Like much of Hood's work, Heat Lightning is like a collection of short stories, tightly wound narratives with a clear beginning and end. Not surprisingly, the project began as a novel. The Truckers' last studio trip produced two albums, The Big To-Do, released in 2010, and Go-Go Boots, which followed a year later. After touring behind the first album, Hood was exhausted and ready to get off the road. With another record and more touring on the way, he needed a new project to keep his mind occupied. He decided to write a book, targeting a rough three-year period in his late 20s. Adam's House Cat had broken up. He was staring down a divorce and struggling to maintain a new long-distance relationship. He says he was as close to committing suicide as he's ever been. Instead, he wrote about 500 songs.
"My book would sort of tell that story, but interspersed with lyrics from that period of my life, as well as new song lyrics either set in that time or from the point of view of various characters from the book," he wrote in the new album's press release. "The structure would be chapter-song, chapter-song and so on. If the book was coming fast, the songs were coming even easier. Then the book stopped coming."
The subsequent songs explore loneliness and depression from opposing points of view. "12:01," like many of the album's darker offerings, places Hood back in his troubled late 20s. In that haunting gem, he sings softly over mournful strings and a guitar part that shines with subtle reverb, referring to "zombies" who cross county lines just after midnight on Monday mornings to buy liquor after the Sabbath.
"Leaving Time" follows, exemplifying the other group of songs on Heat Lightning — hopeful ruminations that consider alienation with the full heart of a dutiful father and husband. "The baby's on the bedroom floor," he sings over simple piano and driving banjo. "Suitcases and clothes galore/ Everyone's just a little sore/ When it comes to leaving time." Later, he remembers all the touring he has to do and offers the sarcastic quip: "Thank God the package store sells more beer."

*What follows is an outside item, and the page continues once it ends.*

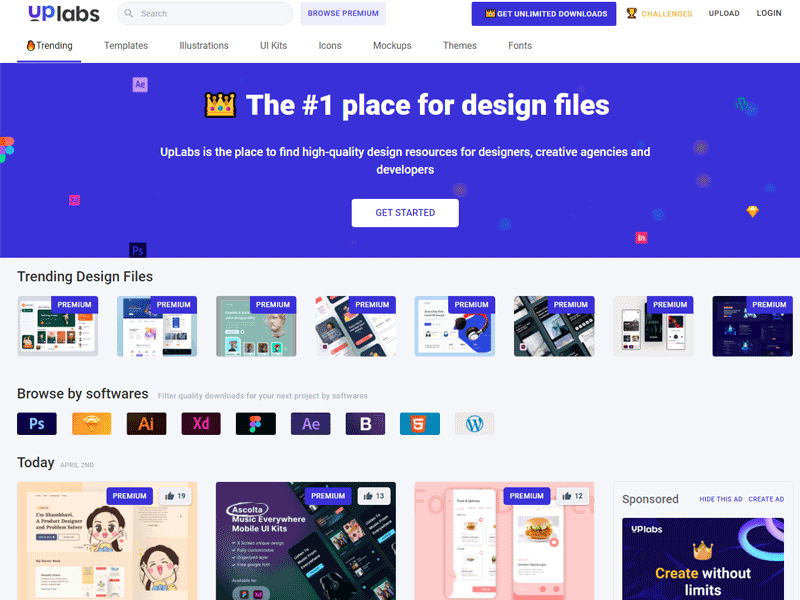 Uplabs est un vivier considérable de ressources en UI design, qui est destiné aux designers d’interface, aux agences web et aux développeurs. Cette plateforme rassemble différentes créations : des mockups, des thèmes, des icônes, etc, qui sont disponibles pour achat ou téléchargement en illimité. Elle permet aussi aux utilisateurs de créer des collections pour y enregistrer les interfaces qui les stimulent.
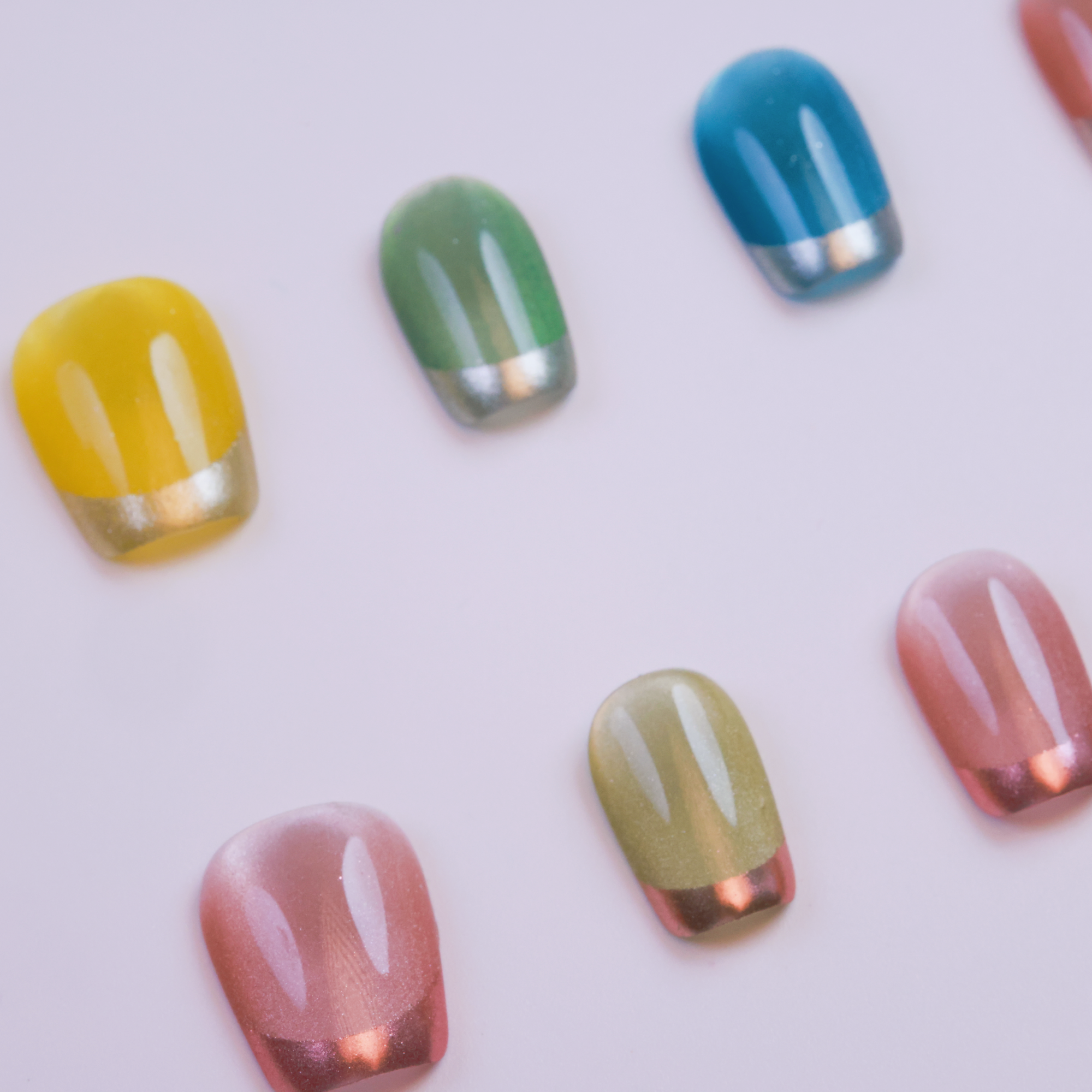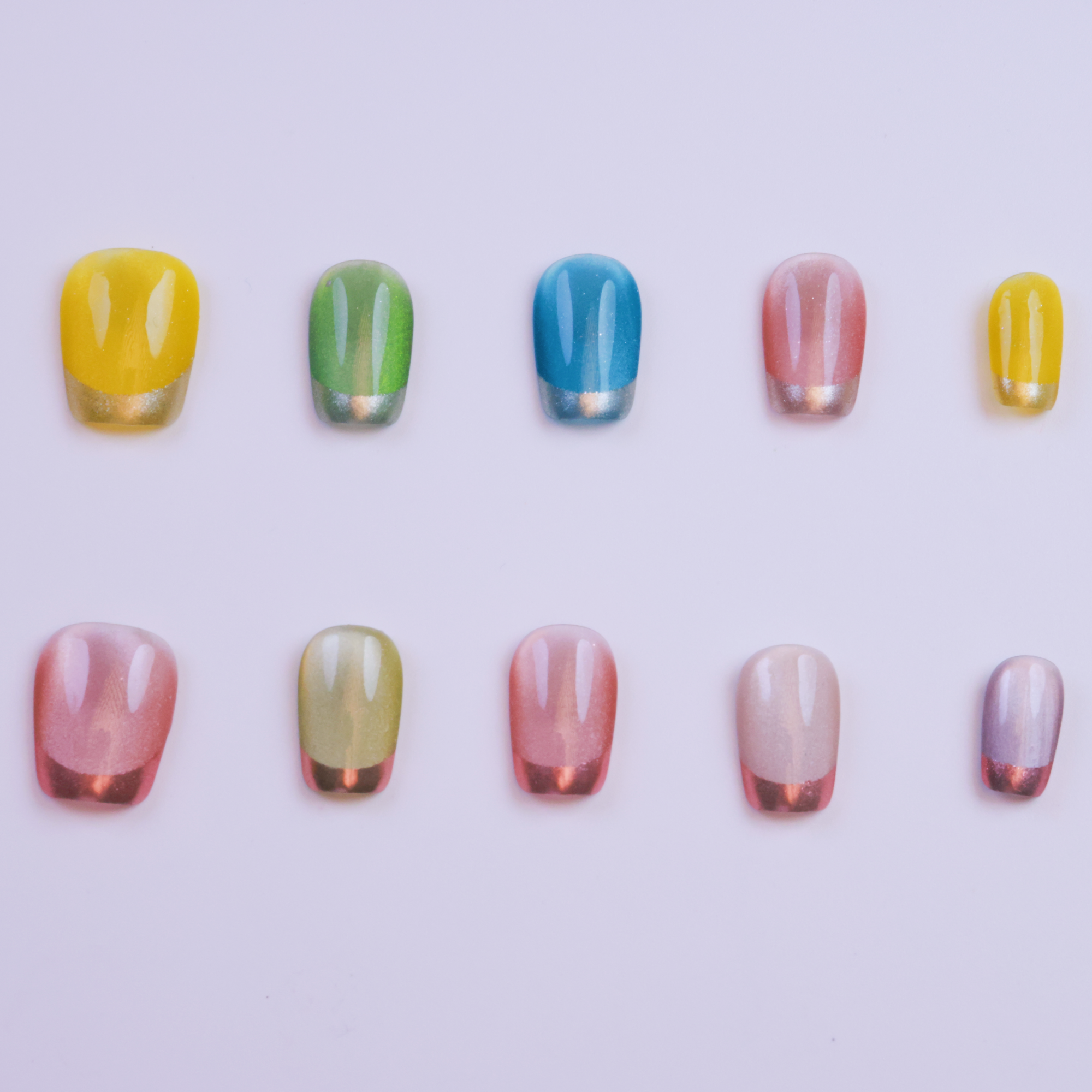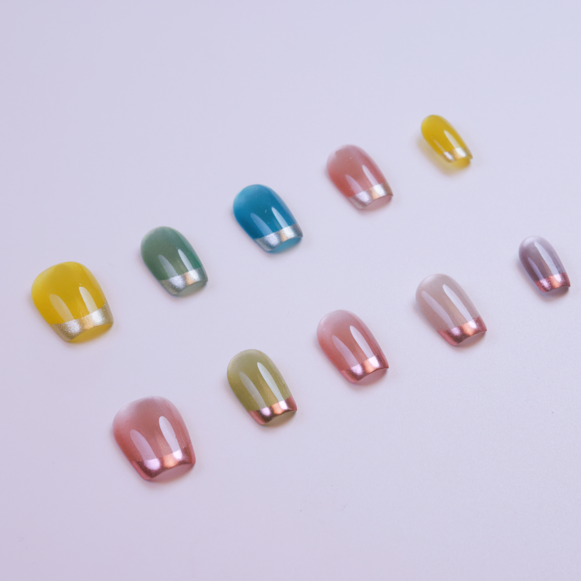 Elevate your style with our Pastel Elegance Press-On Nails. This set features soft, delicate pastel colors paired with chic metallic French tips, combining a subtle, feminine look with a modern twist. Perfect for everyday wear or special occasions, these nails exude effortless elegance and grace.

Picking up a six-pack is different from driving to another county to buy liquor in the wee hours, a telling gauge of how much Hood's life has changed. The album is marked by this duality, and Hood executes it with such precision that one suspects this was the plan all along.
"I never really set out to do a solo record," Hood says. "I really just follow the songs and try to go where they lead me."